The timing of this new testimony appears to have been calculated to kick Jones in the shins following yesterday's carefully choreographed event. But that doesn't mean that the testimony is untrue. It would take some real brass cajones to submit a false affidavit in a federal court. Because that kind of thing will land you in federal prison. If I were representing the University of Tennessee, I'd be a little worried about what comes out next. How many more victims come forward? How many UT employees (and former employees) come forward with damning details? It's a sad, infuriating mess. And at the end of the day, it's too easy to forget that stories like this go beyond sports rivalries. That there are to often real victims who are really, irreparably hurt.

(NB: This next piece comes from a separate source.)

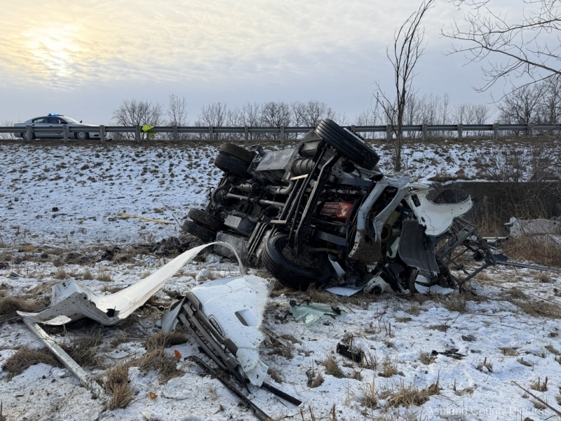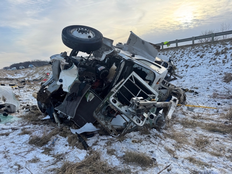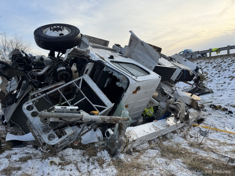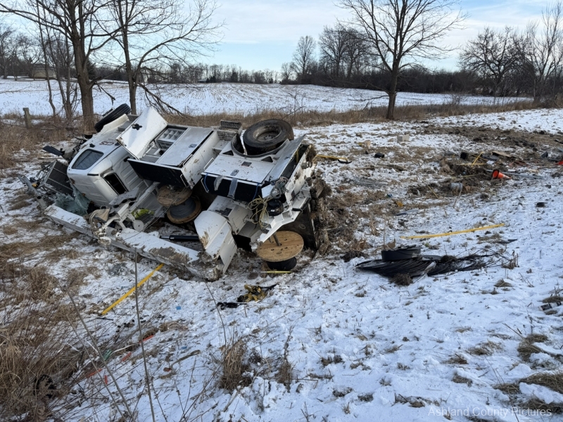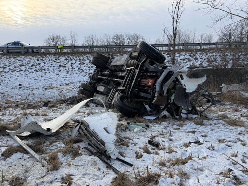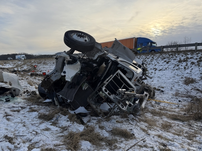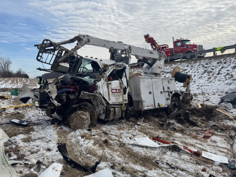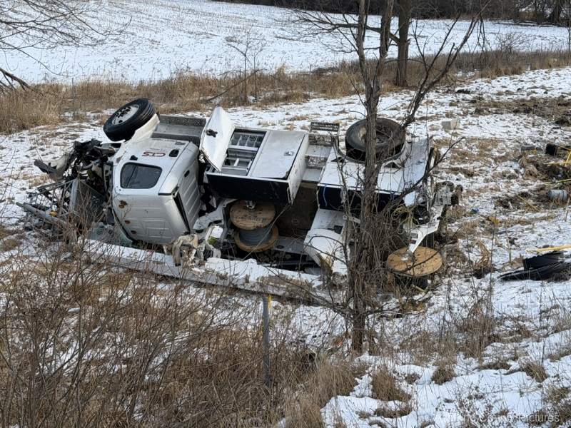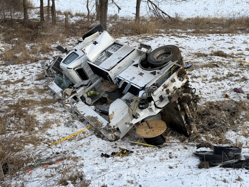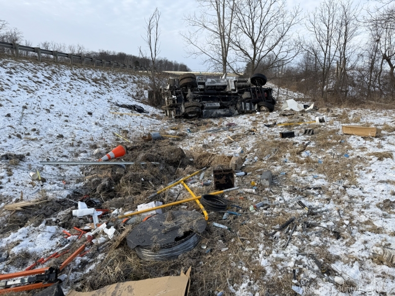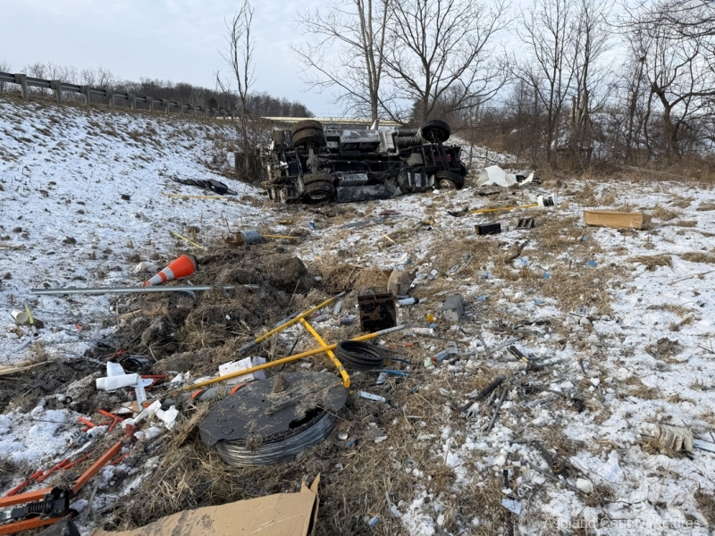 Investigators said a 2025 Freightliner, owned by CTS Telecommunications, was being driven southbound by Michael Ziolkowski, 31, of New Waterford, Ohio, when the vehicle went off the right side of the interstate. The Freightliner traveled through a guardrail, went down a ravine, and rolled over, coming to rest on its side.

And while Tennessee officials have a lot of work to do, they're not the only ones. Tennessee isn't the only university in America dealing with these issues. It's the university dealing with the allegations publicly. This isn't the time to gloat. Nor the time for schadenfreude. This is the time to hope that Tennessee officials do a thorough, honest investigation of their school's culpability. As Georgia fans who remember the Jan Kemp saga can attest, it's no fun shining a light on your own shortcomings. I don't know that anything like the alleged misdeeds in Knoxville have occurred in Athens. But the notion that they could have should be enough to keep officials vigilant.